[Work required] Please retype the data below exactly, stopping after the line with "Например, толщина стандартной" and skipping every picture.

[The data]
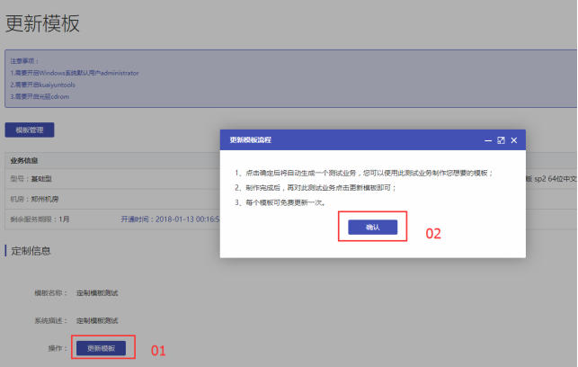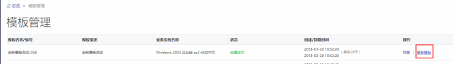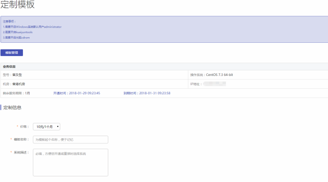 使用定制模板開通和重裝與正常的開通和重裝操作相同,需注意的是要找到對應(yīng)的定制模板進行開通和重裝(系統(tǒng)描述為定制模板頁面輸入的模板簡介),如下圖:
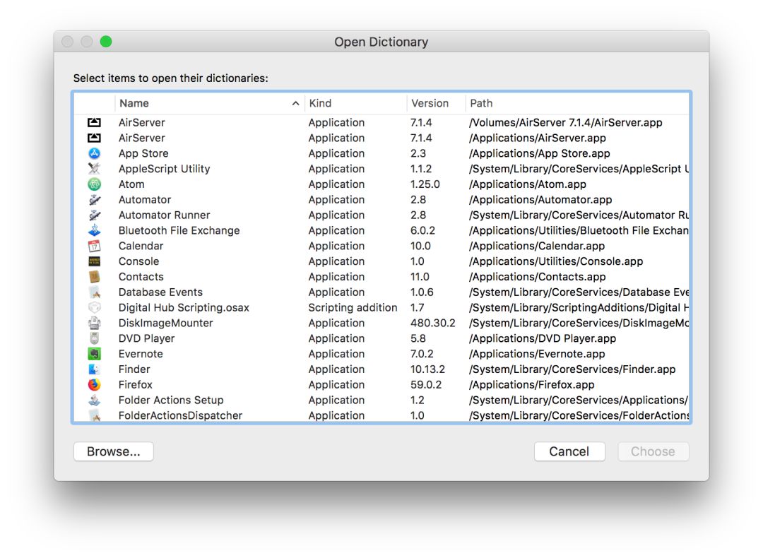 如何编写 AppleScript 呢?Mac 自带脚本编辑和运行工具,通过 Spotlight Search 搜索 Script Editor 即可。运行 Script Editor 之后,通过菜单 File -> Open Dictionary 即可打开如下图所示一个文档,里面列出来所有支持 AppleScript 的 App,以及各个 App 所支持的接口调用。
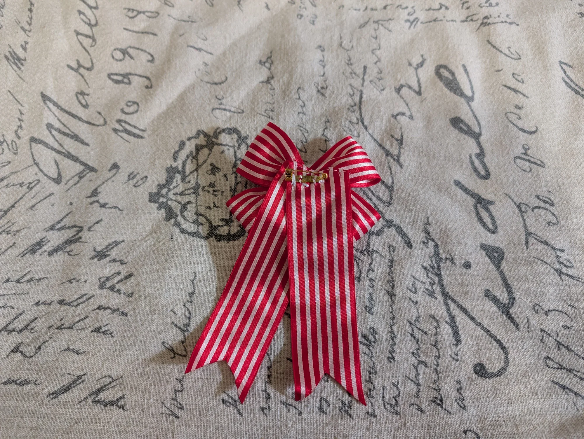 Made to match our 2025 re-release of the Konbini Market in Onigiri this pin back brooch can be worn on your dress, a cardigan or even pinned onto a hat! It features a quilted onigiri sewn onto red and white stripped ribbon A fun little accessory to add a bit of whimsy to any coordinate.
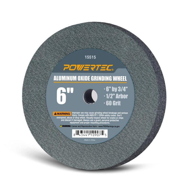 POWERTEC 15515V Bench and Pedestal Grinding Wheels, 6 Inch x 3/4 Inch, 1/2 Arbor, 60 Grit, Aluminum Oxide Bench Grinder Wheel for Bench Grinder, 1 Pack
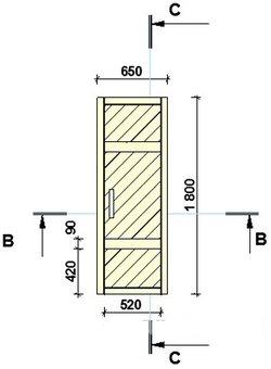 Например, толщина стандартной доски–сороковки после чистовой обработки уменьшается до 35 мм, ширина материала становится меньше на 10 мм за счет выравнивания плоскости. В итоге получается, что для того чтобы сделать своими руками деревянные двери в баню размерами 180х80 см, потребуется как минимум пять досок, шириной 160 мм, без учета размеров дверной коробки.
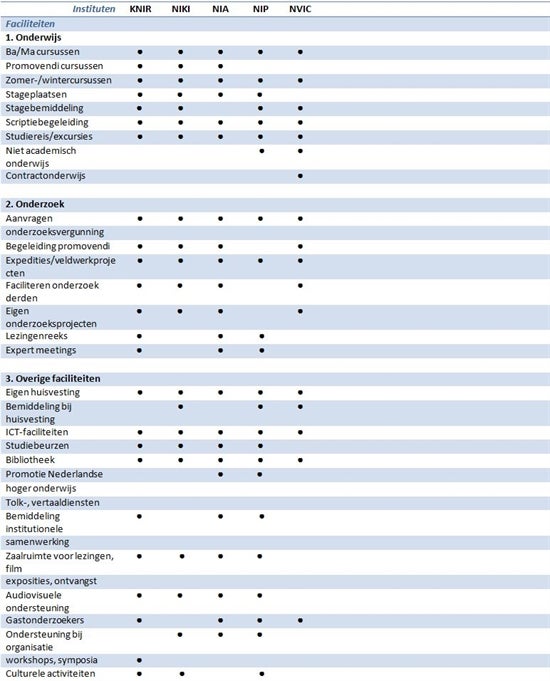De instituten zijn zeer verschillend qua aard, omvang en historie. Hieronder staat een overzicht met de verschillende diensten die instituten aanbieden. Het is verstandig om altijd ook nog even de website van het betreffende instituut checken voor het actuele aanbod.
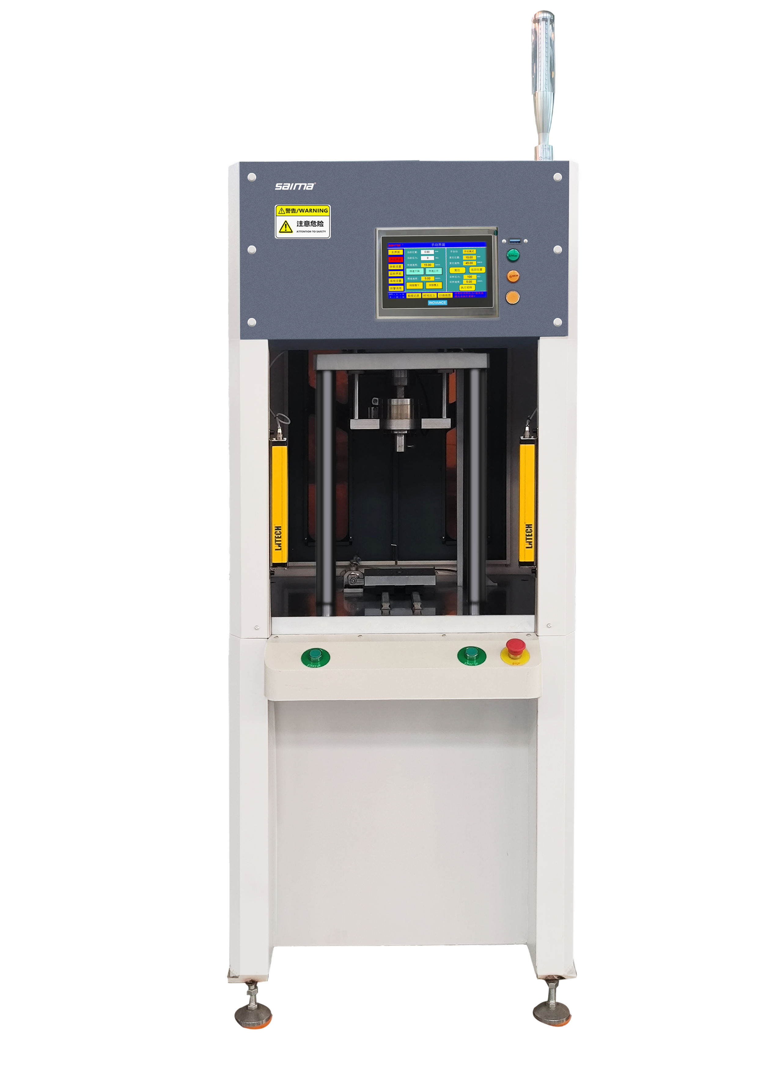 (3)在人機(jī)顯示屏運(yùn)行接口選擇需要壓裝的模具號(hào);在選擇按鈕切換為“自動(dòng)/單循環(huán)”模式,然后雙手同時(shí)按下按鈕盒上的啟動(dòng)按鈕,設(shè)備開始運(yùn)行;三色燈為黃色運(yùn)行指示。

[Written answer]
 使用定制模板開通和重裝與正常的開通和重裝操作相同,需注意的是要找到對應(yīng)的定制模板進行開通和重裝(系統(tǒng)描述為定制模板頁面輸入的模板簡介),如下圖:
 如何编写 AppleScript 呢?Mac 自带脚本编辑和运行工具,通过 Spotlight Search 搜索 Script Editor 即可。运行 Script Editor 之后,通过菜单 File -> Open Dictionary 即可打开如下图所示一个文档,里面列出来所有支持 AppleScript 的 App,以及各个 App 所支持的接口调用。
 Made to match our 2025 re-release of the Konbini Market in Onigiri this pin back brooch can be worn on your dress, a cardigan or even pinned onto a hat! It features a quilted onigiri sewn onto red and white stripped ribbon A fun little accessory to add a bit of whimsy to any coordinate.
 POWERTEC 15515V Bench and Pedestal Grinding Wheels, 6 Inch x 3/4 Inch, 1/2 Arbor, 60 Grit, Aluminum Oxide Bench Grinder Wheel for Bench Grinder, 1 Pack
 Например, толщина стандартной доски–сороковки после чистовой обработки уменьшается до 35 мм, ширина материала становится меньше на 10 мм за счет выравнивания плоскости. В итоге получается, что для того чтобы сделать своими руками деревянные двери в баню размерами 180х80 см, потребуется как минимум пять досок, шириной 160 мм, без учета размеров дверной коробки.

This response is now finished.